Ergänzende Abbildung: Mitglieder der m6A-Regulatoren zeigen keine signifikante Korrelation mit dem Gesamtüberleben des Patienten, wie die Kaplan-Meier-Überlebenskurven zeigen. Rote Linien stehen für die Gruppe mit hohem Ausdruck, während schwarze Linien für die Gruppe mit niedrigem Ausdruck stehen.
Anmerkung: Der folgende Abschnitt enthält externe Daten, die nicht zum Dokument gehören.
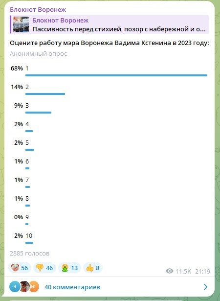 Так, из почти трех тысяч проголосовавших подавляющее большинство — 68% - поставили Кстенину единицу. 14% - двойку. А 9% - тройку. Судя по комментариям к посту, коих десятки, больше всего претензий у жителей Воронежа к сфере ЖКХ.
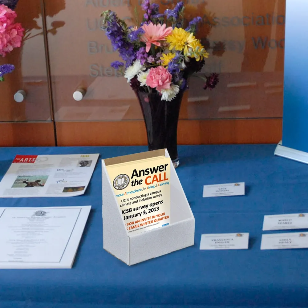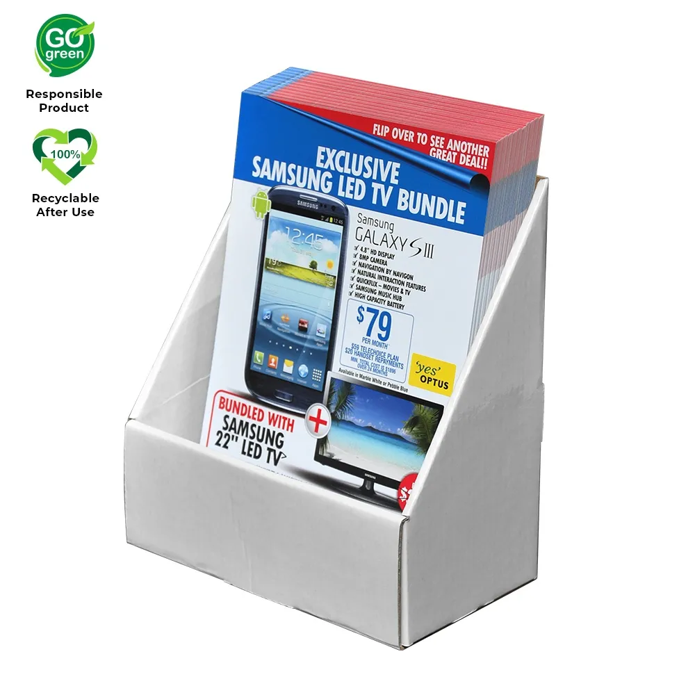 This cardboard display, also known as counter-top brochure holders and magazine displays, are made out of recycled cardboard. This provides an environmentally friendly display at a low price, allowing your business to display your wares without having to spend a ton of money.
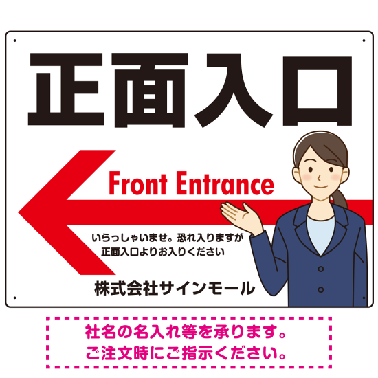 正面入口 スーツ女性イラストデザイン オリジナルプレート看板 左矢印 W600×H450 アルミ複合板 (SP-SMD583L-60x45A)
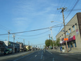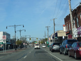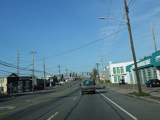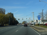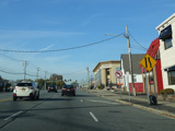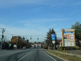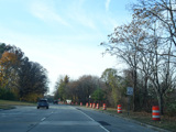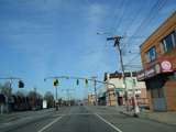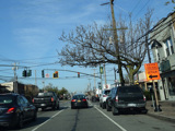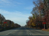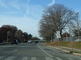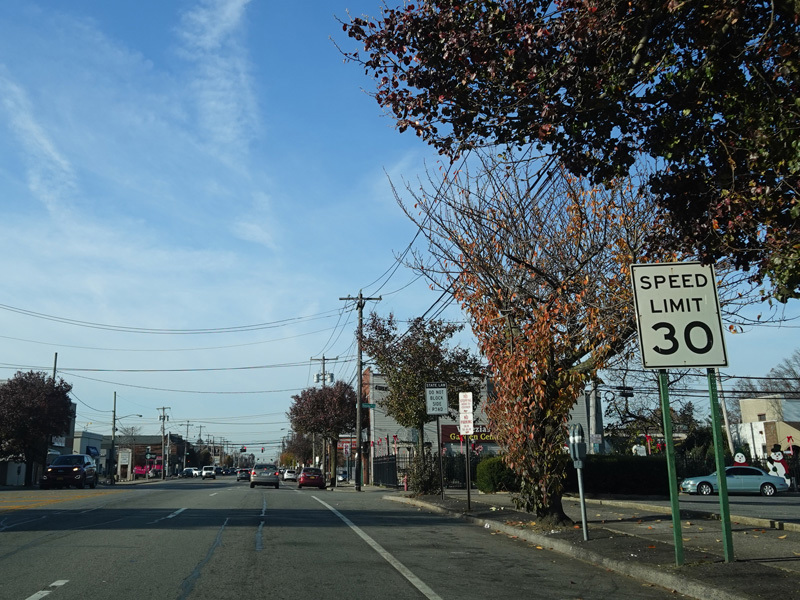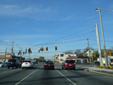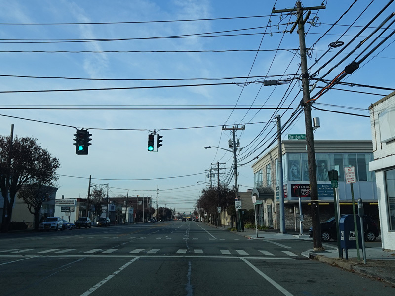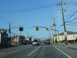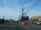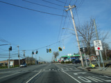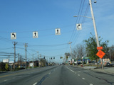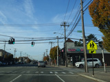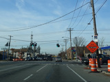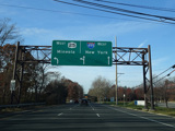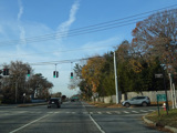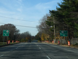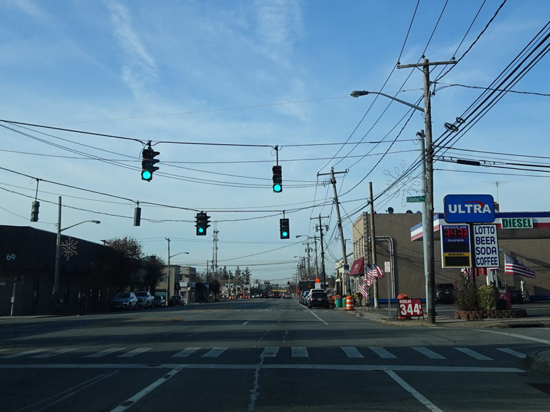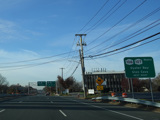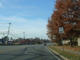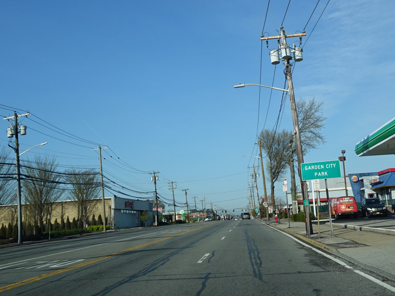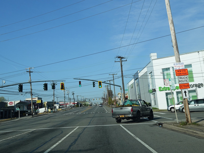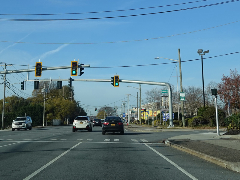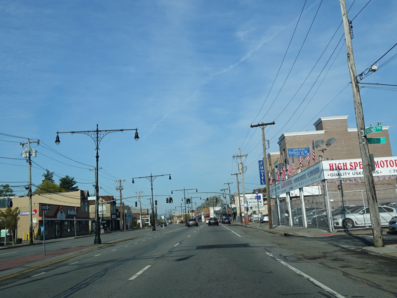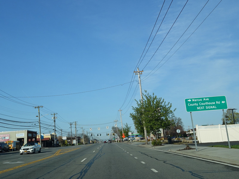 In this area, Jericho Turnpike runs along the New York City line. The left side of the road is Nassau County, while the right side is Queens. Little Neck Parkway begins on the right at a traffic light, but once again there isn't particularly prominent signage.

Bitte klicken Sie hier, um diese Datei herunterzuladen.
| Typ | Gen-Symbol |
| Autoren | METTL3 |
| METTL14 |
| ZC3H13 |
| WTAP |
| RBM15 |
| RBM15B |
| METTL16 |
| CBLL1 |
| KIAA1429/VIRMA |
| Leser | YTHDF1 |
| YTHDF2 |
| YTHDF3 |
| YTHDC1 |
| YTHDC2 |
| HNRNPA2B1 |
| HNRNPC |
| HNRNPG/RBMX |
| IGF2BP1 |
| IGF2BP2 |
| IGF2BP3 |
| CNBP |
| ELAVL1 |
| SND1 |
| PRRC2A |
| PRRC2B |
| PRRC2C |
| EIF3A |
| FMR1 |
| FXR1 |
| FXR2 |
| LRPPRC |
| MSI2 |
| Radiergummis | ALKBH5 |
| FTO |
Tabelle 1: Gene, die Autoren, Leser und Radiergummis von m6A kodieren. Tabelle 1 gibt einen Überblick über die wichtigsten Genfamilien, die für die Installation, Erkennung und Entfernung der m6A-Modifikation in eukaryotischer RNA verantwortlich sind.